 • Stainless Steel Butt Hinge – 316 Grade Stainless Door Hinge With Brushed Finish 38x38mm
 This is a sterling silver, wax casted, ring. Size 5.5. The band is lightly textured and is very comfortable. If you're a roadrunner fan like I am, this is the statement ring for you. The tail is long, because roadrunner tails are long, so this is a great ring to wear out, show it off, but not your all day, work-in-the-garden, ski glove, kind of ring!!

--

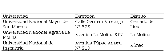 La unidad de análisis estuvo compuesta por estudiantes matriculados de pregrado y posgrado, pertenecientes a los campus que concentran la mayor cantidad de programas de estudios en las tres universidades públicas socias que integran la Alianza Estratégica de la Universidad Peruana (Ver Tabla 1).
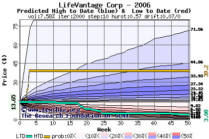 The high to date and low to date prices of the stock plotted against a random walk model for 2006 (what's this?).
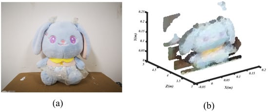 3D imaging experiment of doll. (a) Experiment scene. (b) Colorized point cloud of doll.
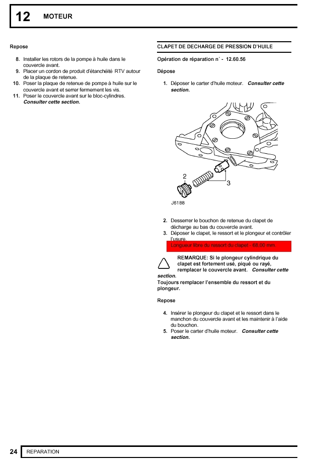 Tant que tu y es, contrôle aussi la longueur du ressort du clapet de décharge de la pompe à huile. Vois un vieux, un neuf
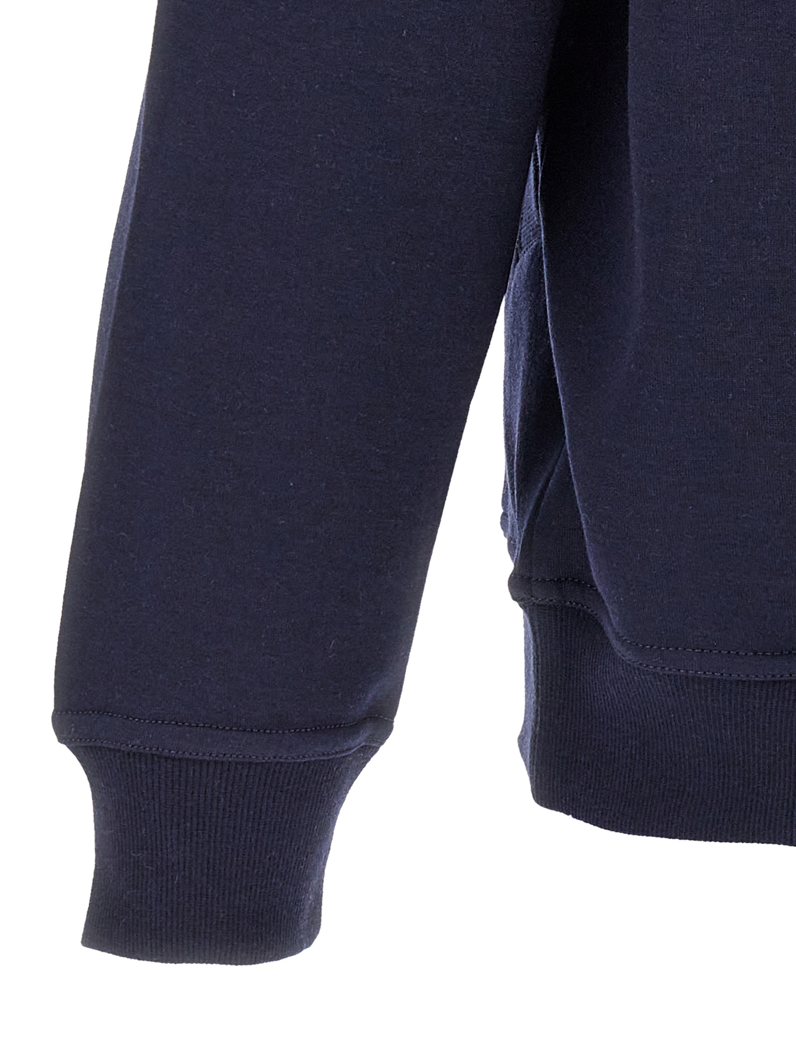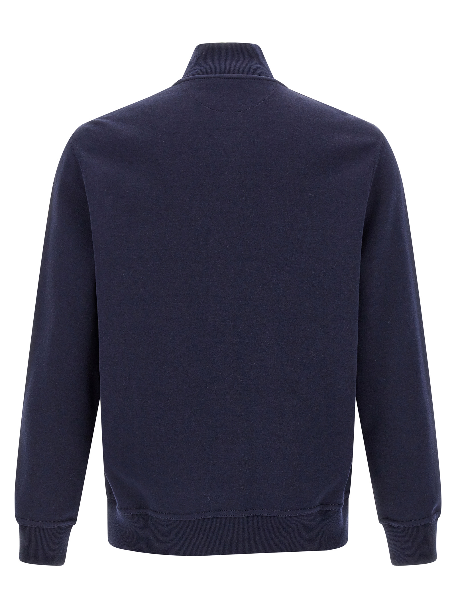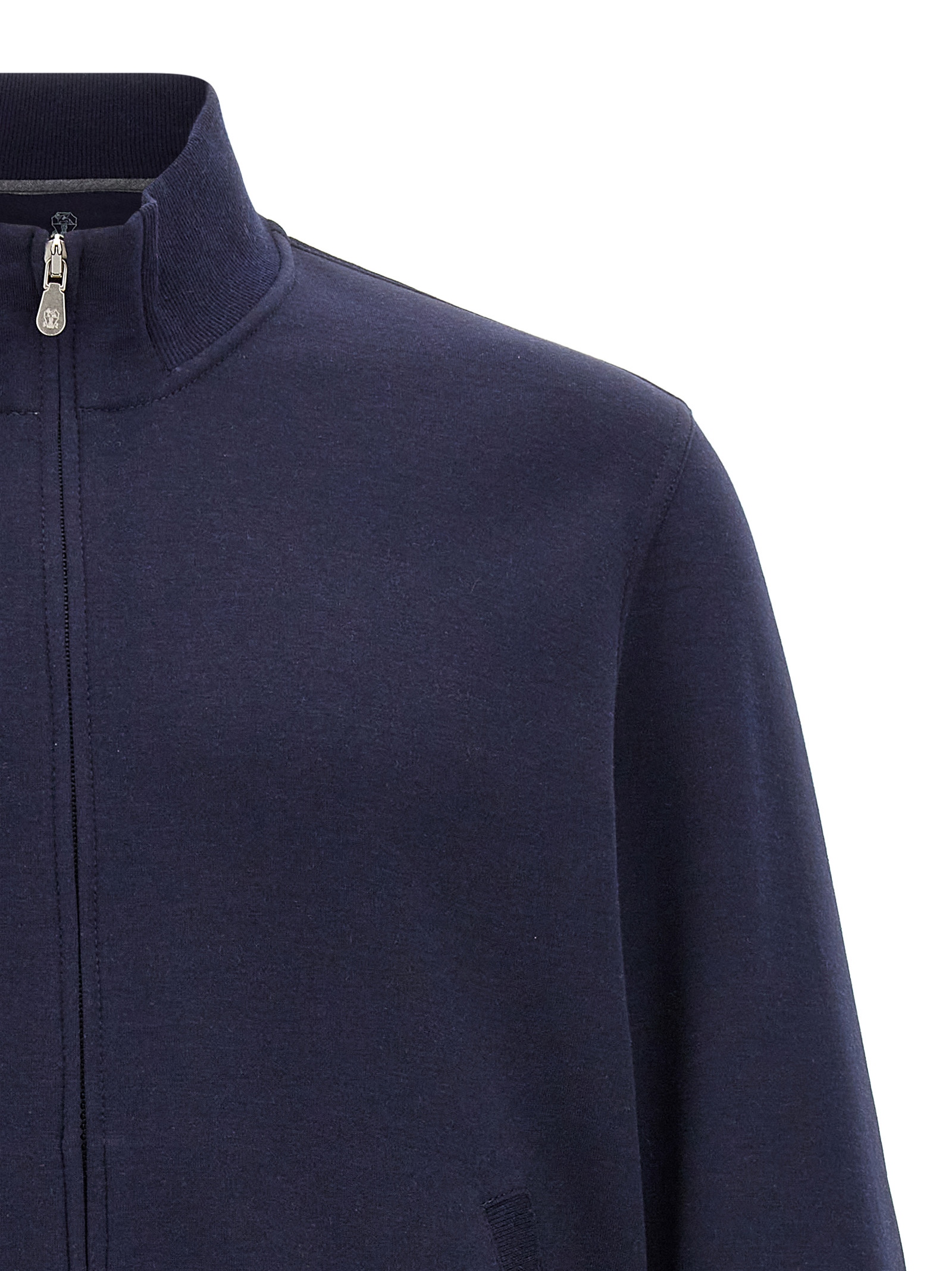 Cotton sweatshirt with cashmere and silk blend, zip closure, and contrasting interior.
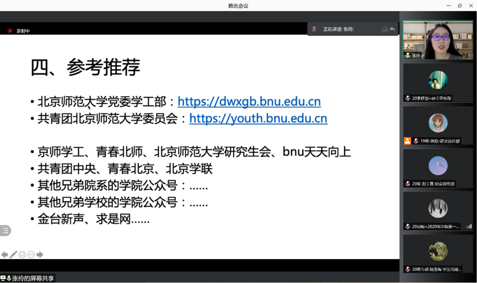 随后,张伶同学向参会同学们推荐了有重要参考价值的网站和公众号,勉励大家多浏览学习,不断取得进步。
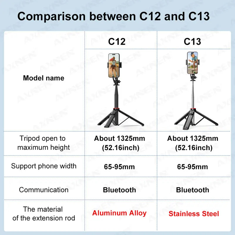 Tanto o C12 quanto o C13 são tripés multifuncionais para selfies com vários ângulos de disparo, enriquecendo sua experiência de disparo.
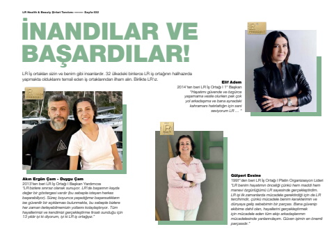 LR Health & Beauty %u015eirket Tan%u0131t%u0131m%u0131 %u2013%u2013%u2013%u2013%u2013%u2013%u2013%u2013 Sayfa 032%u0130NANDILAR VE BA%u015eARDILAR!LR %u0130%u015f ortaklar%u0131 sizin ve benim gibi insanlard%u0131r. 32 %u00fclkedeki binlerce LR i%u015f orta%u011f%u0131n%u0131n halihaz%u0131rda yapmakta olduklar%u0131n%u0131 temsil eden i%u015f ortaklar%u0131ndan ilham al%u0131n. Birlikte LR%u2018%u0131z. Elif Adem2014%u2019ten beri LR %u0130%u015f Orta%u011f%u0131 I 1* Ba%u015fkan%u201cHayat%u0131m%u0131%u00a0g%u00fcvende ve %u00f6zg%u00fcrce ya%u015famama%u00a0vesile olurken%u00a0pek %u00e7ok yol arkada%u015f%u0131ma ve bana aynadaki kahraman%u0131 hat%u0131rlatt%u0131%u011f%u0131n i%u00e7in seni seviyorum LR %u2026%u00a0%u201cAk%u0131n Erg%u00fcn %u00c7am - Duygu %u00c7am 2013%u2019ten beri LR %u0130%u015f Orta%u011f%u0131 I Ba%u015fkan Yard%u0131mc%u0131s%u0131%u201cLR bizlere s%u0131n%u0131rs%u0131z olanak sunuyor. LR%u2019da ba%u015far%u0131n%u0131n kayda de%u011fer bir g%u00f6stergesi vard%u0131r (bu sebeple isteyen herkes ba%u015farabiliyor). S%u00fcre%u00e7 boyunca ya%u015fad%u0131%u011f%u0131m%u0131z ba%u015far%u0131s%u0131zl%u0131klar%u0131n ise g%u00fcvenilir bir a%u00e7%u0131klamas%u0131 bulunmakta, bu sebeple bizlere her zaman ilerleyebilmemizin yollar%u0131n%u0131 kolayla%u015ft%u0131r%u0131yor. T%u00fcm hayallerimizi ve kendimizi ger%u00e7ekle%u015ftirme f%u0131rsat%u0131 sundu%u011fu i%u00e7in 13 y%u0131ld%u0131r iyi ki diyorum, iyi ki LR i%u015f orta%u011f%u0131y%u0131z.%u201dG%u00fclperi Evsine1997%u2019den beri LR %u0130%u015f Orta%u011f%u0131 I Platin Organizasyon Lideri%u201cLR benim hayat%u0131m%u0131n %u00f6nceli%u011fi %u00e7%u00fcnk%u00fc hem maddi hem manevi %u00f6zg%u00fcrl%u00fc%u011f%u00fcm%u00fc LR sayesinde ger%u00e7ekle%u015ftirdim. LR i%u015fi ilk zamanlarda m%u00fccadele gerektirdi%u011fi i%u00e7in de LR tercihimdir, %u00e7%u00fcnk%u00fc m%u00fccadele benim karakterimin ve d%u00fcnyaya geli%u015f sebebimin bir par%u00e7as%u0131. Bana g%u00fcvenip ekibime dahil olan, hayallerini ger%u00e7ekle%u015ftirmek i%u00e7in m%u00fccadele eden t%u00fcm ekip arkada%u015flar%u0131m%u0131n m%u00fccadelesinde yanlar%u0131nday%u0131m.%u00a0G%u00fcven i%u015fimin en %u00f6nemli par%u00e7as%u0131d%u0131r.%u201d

» Exercise goal
Using the listing above, copy exactly the line that contains "Brushed Finish 38x38mm", the line that contains "This is a sterling", and each line that falls between them.

» Finished task
 • Stainless Steel Butt Hinge – 316 Grade Stainless Door Hinge With Brushed Finish 38x38mm
 This is a sterling silver, wax casted, ring. Size 5.5. The band is lightly textured and is very comfortable. If you're a roadrunner fan like I am, this is the statement ring for you. The tail is long, because roadrunner tails are long, so this is a great ring to wear out, show it off, but not your all day, work-in-the-garden, ski glove, kind of ring!!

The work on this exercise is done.